Suppose that we want to take a semester course on gun rights in the US, but we live in, oh, I don't know, Ulaanbaatar, and such a course is not among those on offer at the community college. So we go down to our branch library and ask the helpful librarian for a semester's worth of online wisdom about gun rights in America that we can absorb in five minutes.

After navigating the reference interview ("Are you a Chicago gangster?"Are you CIA?" "Did you lock her up?") and suggesting "Second Amendment" as a keyword phrase, we wait a while to allow the librarian to do some looking.

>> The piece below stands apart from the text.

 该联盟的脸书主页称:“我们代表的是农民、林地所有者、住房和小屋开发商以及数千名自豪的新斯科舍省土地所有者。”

With a look of "I don't know if this will help much," the librarian beckons us to the desk and shows us four items that we can view:
  1. PragerU video on the right of gun ownership in the US
  2. An online version of "The Commonplace Second Amendment," a 1998 article from the NYU Law Review.
  3. Sources on the Second Amendment and Rights to Keep and Bear Arms in State Constitutions, a richly-excerpted if slightly-dated bibiliography.
  4. A syllabus from a 2002 law school seminar on firearms regulation.
As it happens, all are the work of Eugene Volokh, a law professor at UCLA whose eponymous blog The Volokh Conspiracy is published by the Washington Post. The librarian asks if that means Volokh is an enemy of the people. Before taking the citations to a workstation to peruse them, we answer that a law professor associated with both Prager and the Post is more likely a double agent.

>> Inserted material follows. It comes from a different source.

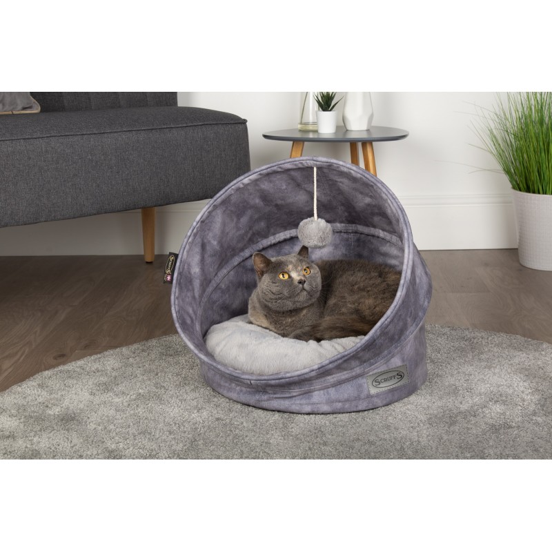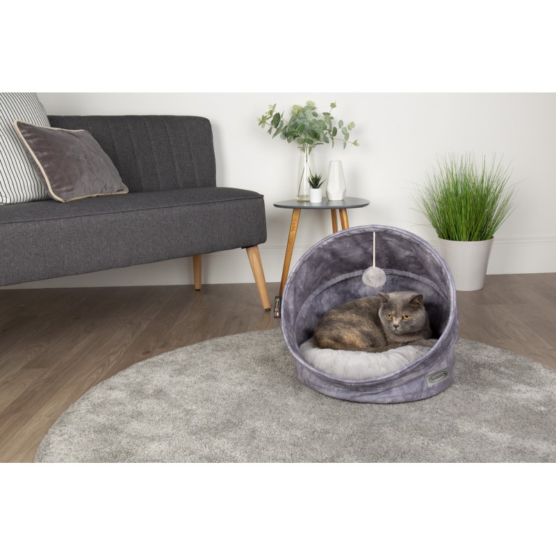 SCRUFFS Лежанка для кошек "Kensington Cat Cave", экозамша, серый, 44 x 44 x 48 см

So, a semester's worth of wisdom in  5 minutes. The video, clocking in at 4:16, is a rabbit, but how wise is it? It is well-produced; Volokh is a compelling presenter; and he answers the question posed by the video's title in a straightforward manner: the Second Amendment does guarantee a right to individual gun ownership, and although the right is not "unlimited, "severe restrictions" would unquestionably violate it. Some time is spent explaining the amendment's characteristic two clauses: its initial, "well-regulated militia" statement of purpose--the "justification" clause--the "operative" clause stating that "the right of the people to keep and bear arms shall not be infringed."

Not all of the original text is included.